[[ INFORMATION, beginning ]]

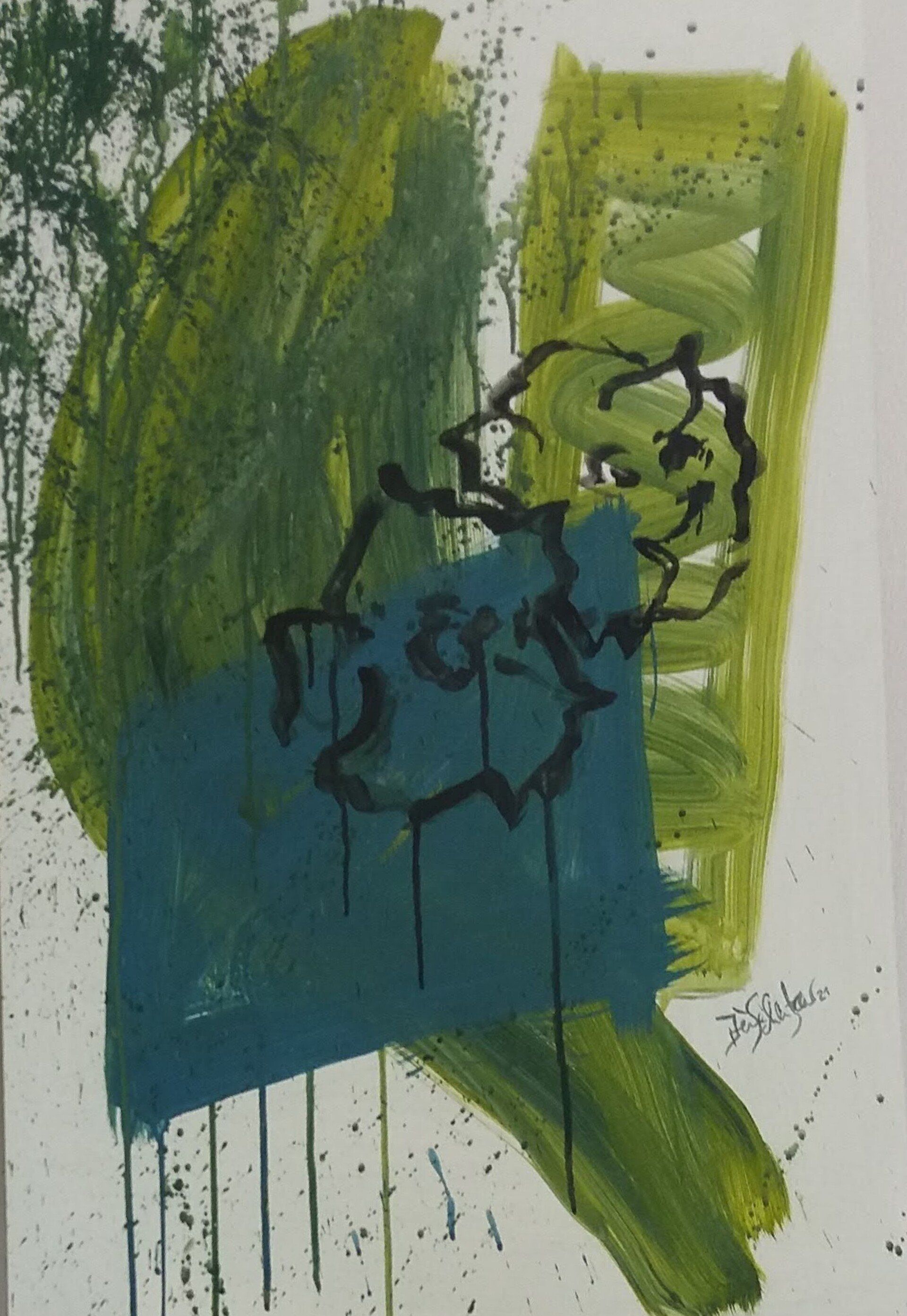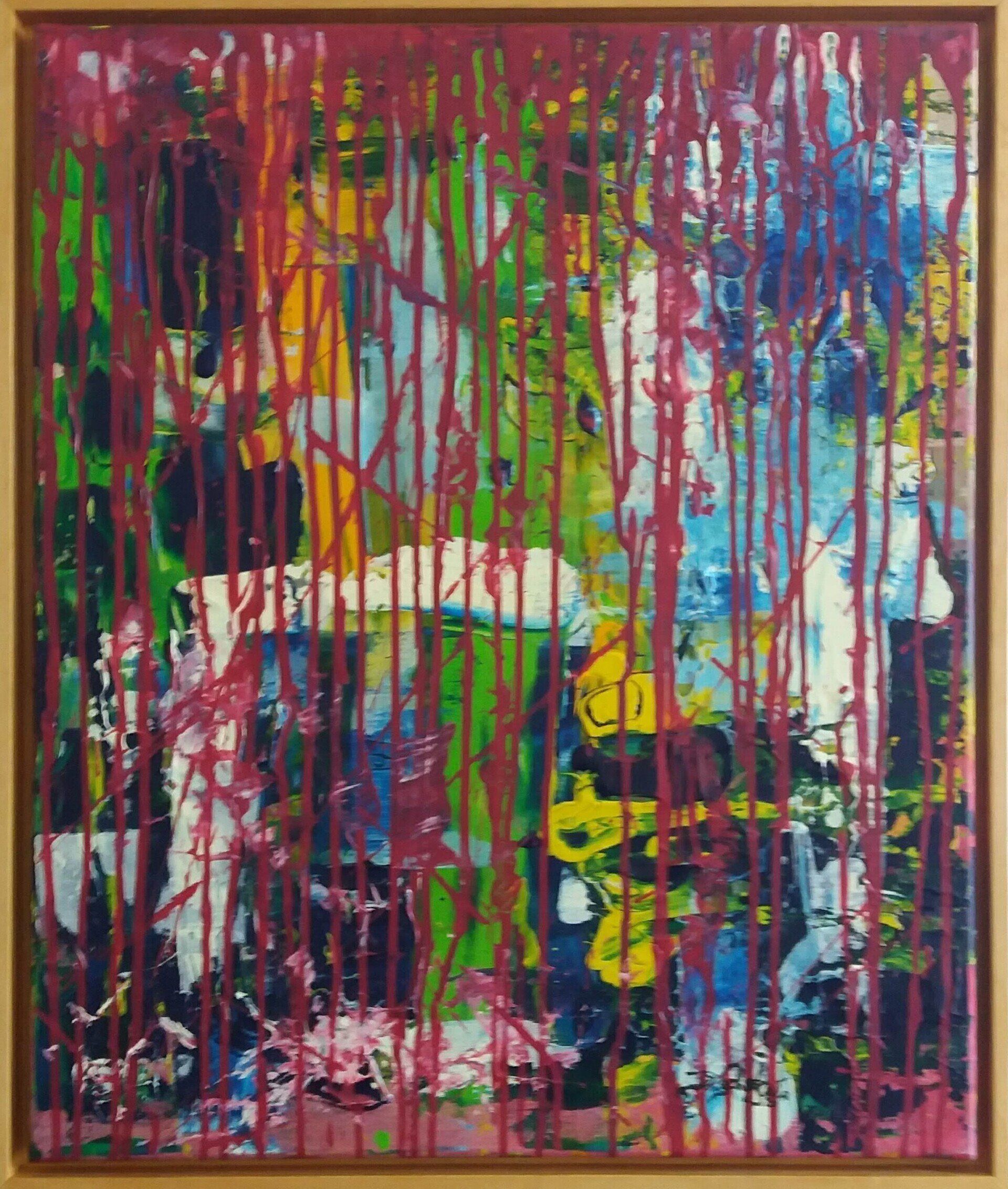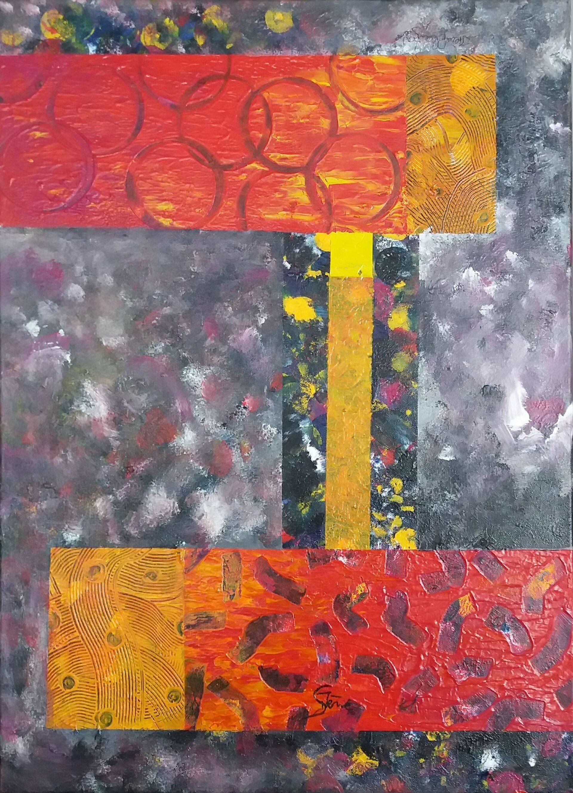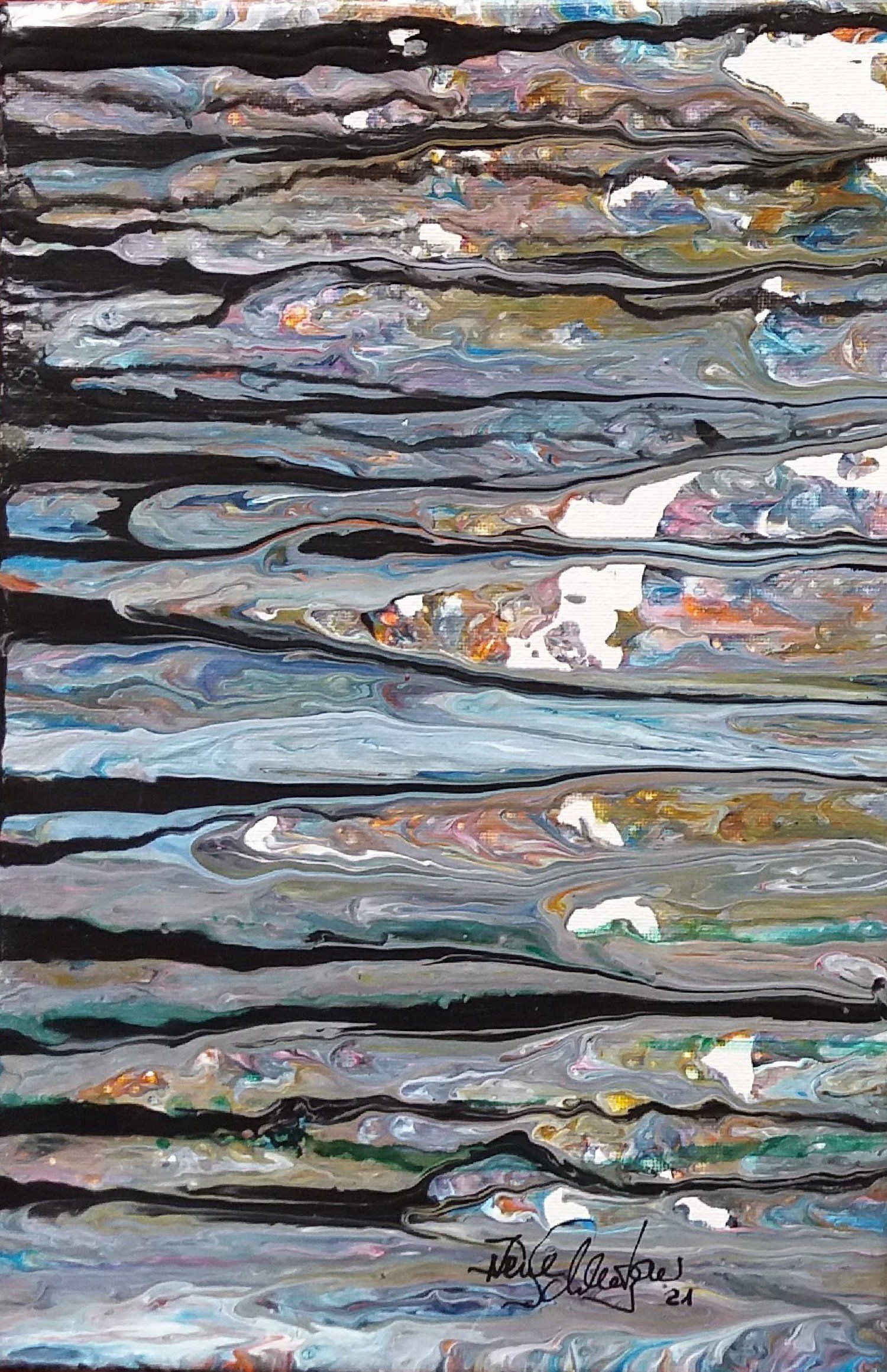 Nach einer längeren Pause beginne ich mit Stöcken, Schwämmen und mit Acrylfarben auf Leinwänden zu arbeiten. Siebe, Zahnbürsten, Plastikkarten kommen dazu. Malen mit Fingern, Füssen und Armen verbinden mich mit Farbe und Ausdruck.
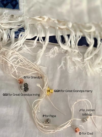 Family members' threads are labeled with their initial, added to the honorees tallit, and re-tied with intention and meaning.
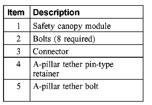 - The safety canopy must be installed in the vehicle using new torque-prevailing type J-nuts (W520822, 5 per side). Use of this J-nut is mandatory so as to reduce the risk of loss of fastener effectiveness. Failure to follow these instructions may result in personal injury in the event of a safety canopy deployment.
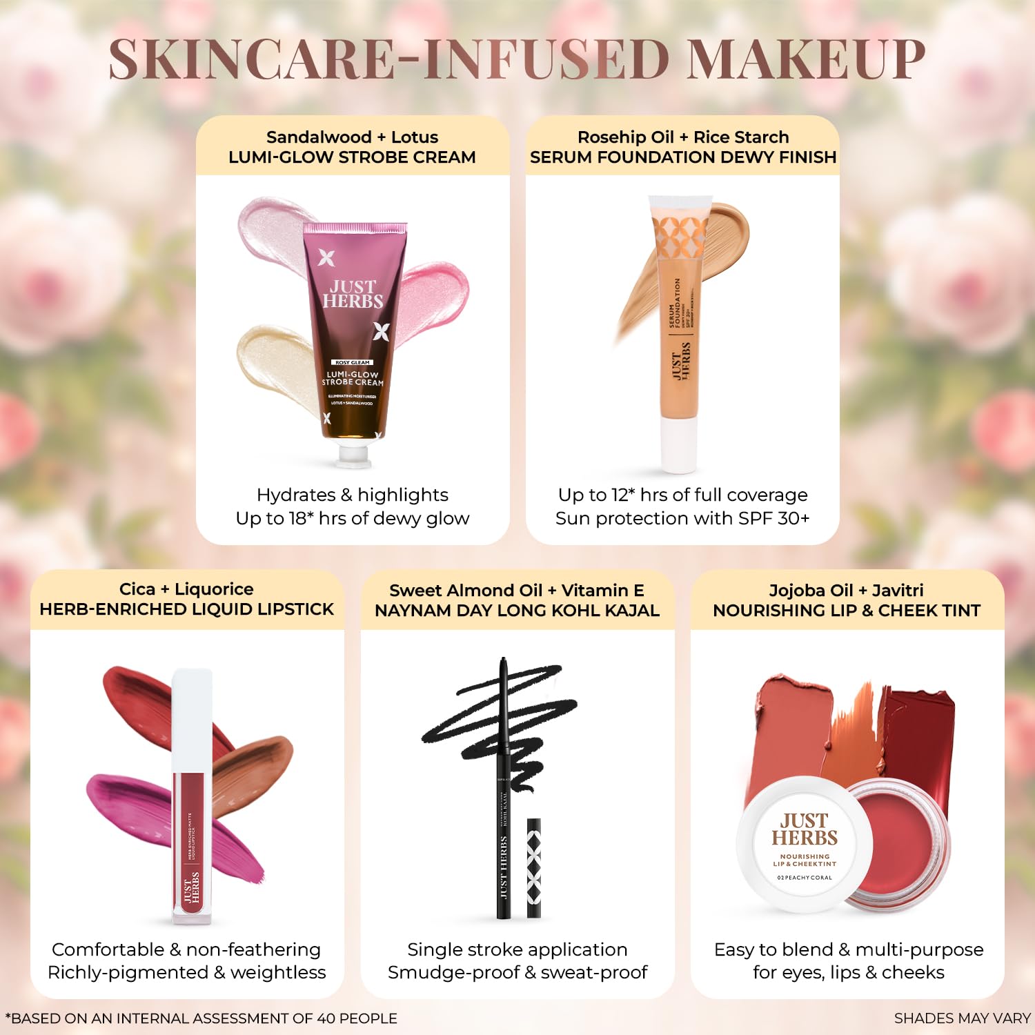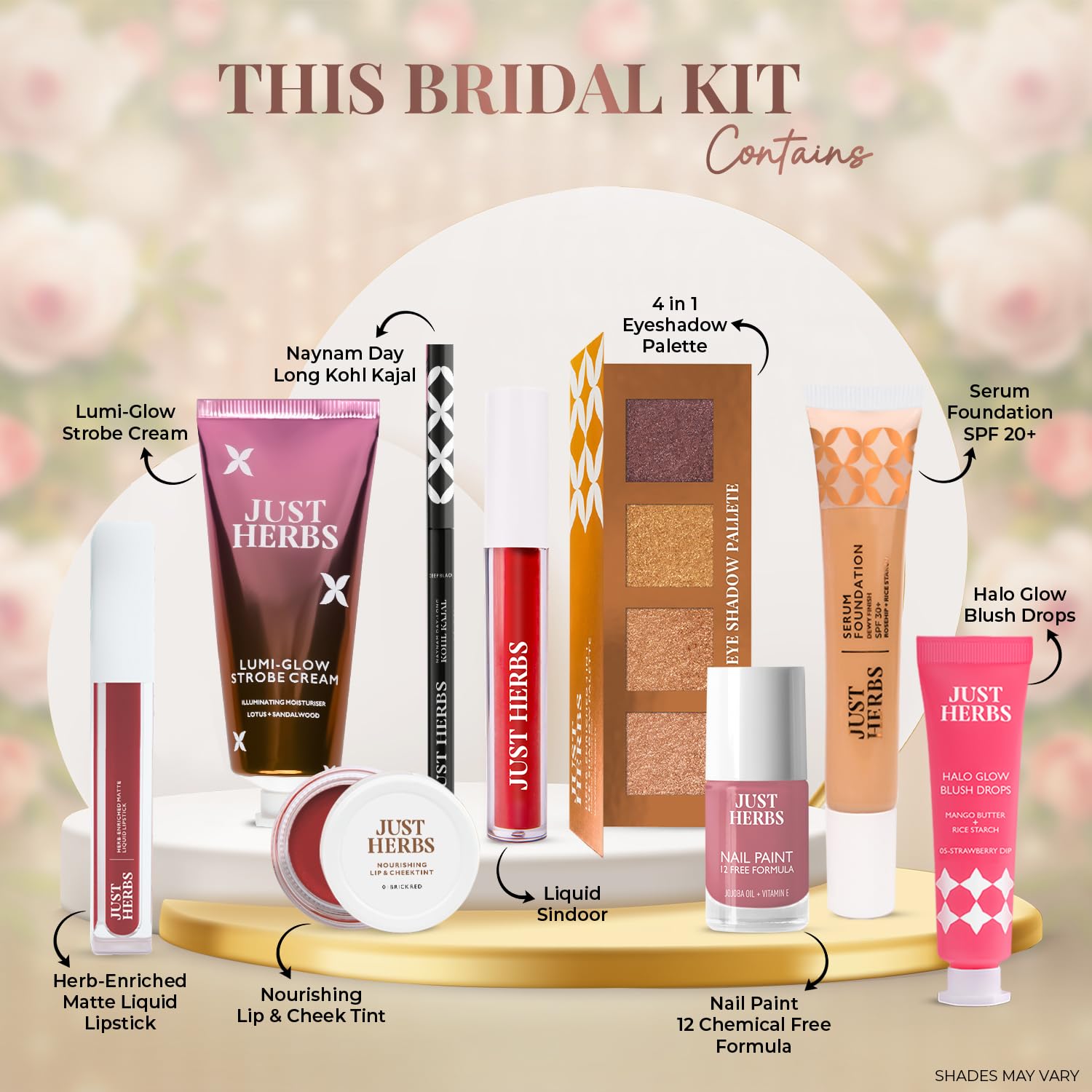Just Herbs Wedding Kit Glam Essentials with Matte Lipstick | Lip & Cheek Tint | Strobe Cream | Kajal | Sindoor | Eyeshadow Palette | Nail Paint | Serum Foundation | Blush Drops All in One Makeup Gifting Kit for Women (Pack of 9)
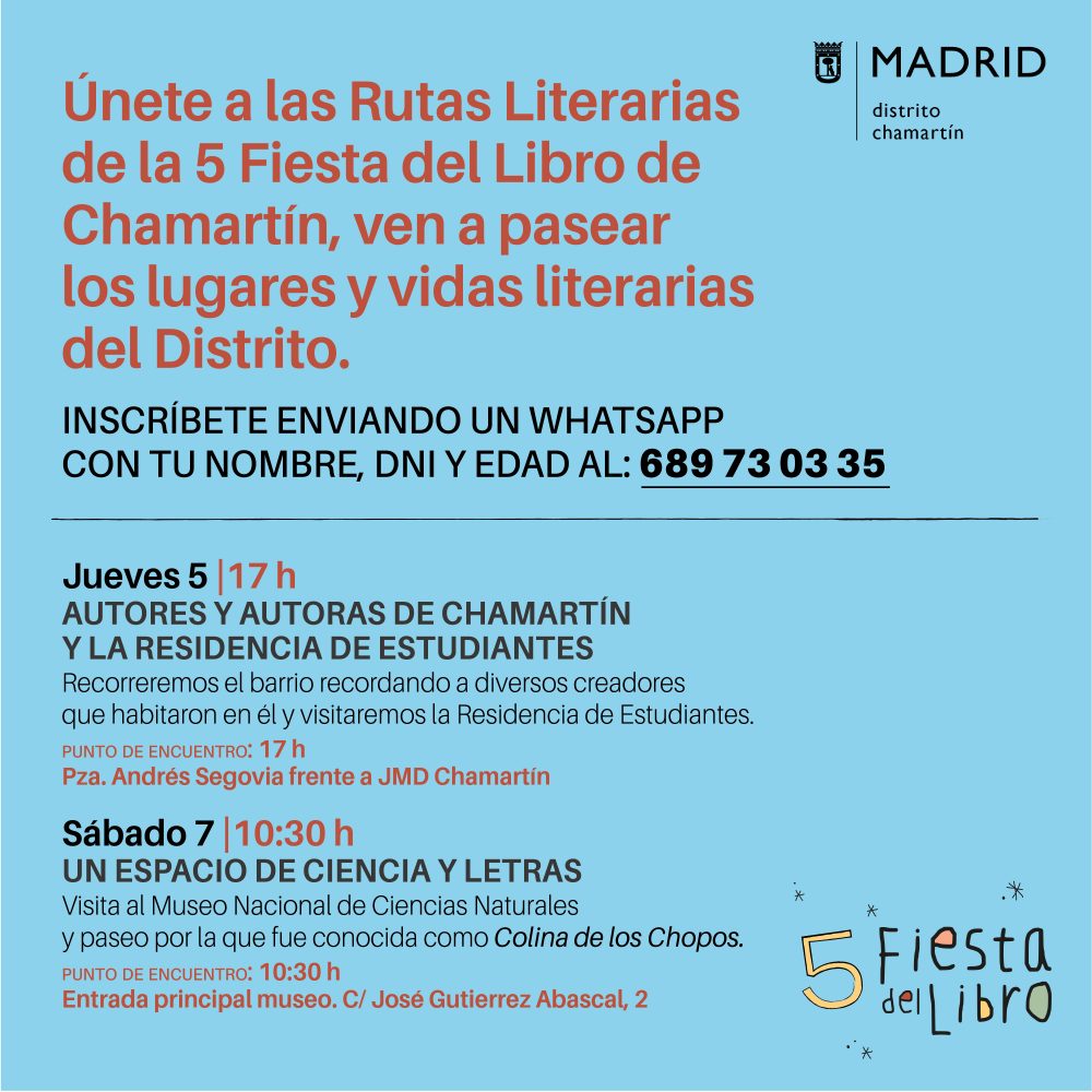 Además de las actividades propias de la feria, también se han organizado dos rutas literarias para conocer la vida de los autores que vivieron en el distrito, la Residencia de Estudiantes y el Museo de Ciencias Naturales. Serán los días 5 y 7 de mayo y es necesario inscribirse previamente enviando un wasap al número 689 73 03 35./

[[ INFORMATION, end ]]

__WHAT THIS TASK INVOLVES__.
Restate each record from above word for word, excluding any picture it holds.

__TASK RESPONSE__.
 Nach einer längeren Pause beginne ich mit Stöcken, Schwämmen und mit Acrylfarben auf Leinwänden zu arbeiten. Siebe, Zahnbürsten, Plastikkarten kommen dazu. Malen mit Fingern, Füssen und Armen verbinden mich mit Farbe und Ausdruck.
 Family members' threads are labeled with their initial, added to the honorees tallit, and re-tied with intention and meaning.
 - The safety canopy must be installed in the vehicle using new torque-prevailing type J-nuts (W520822, 5 per side). Use of this J-nut is mandatory so as to reduce the risk of loss of fastener effectiveness. Failure to follow these instructions may result in personal injury in the event of a safety canopy deployment.
Just Herbs Wedding Kit Glam Essentials with Matte Lipstick | Lip & Cheek Tint | Strobe Cream | Kajal | Sindoor | Eyeshadow Palette | Nail Paint | Serum Foundation | Blush Drops All in One Makeup Gifting Kit for Women (Pack of 9)
 Además de las actividades propias de la feria, también se han organizado dos rutas literarias para conocer la vida de los autores que vivieron en el distrito, la Residencia de Estudiantes y el Museo de Ciencias Naturales. Serán los días 5 y 7 de mayo y es necesario inscribirse previamente enviando un wasap al número 689 73 03 35./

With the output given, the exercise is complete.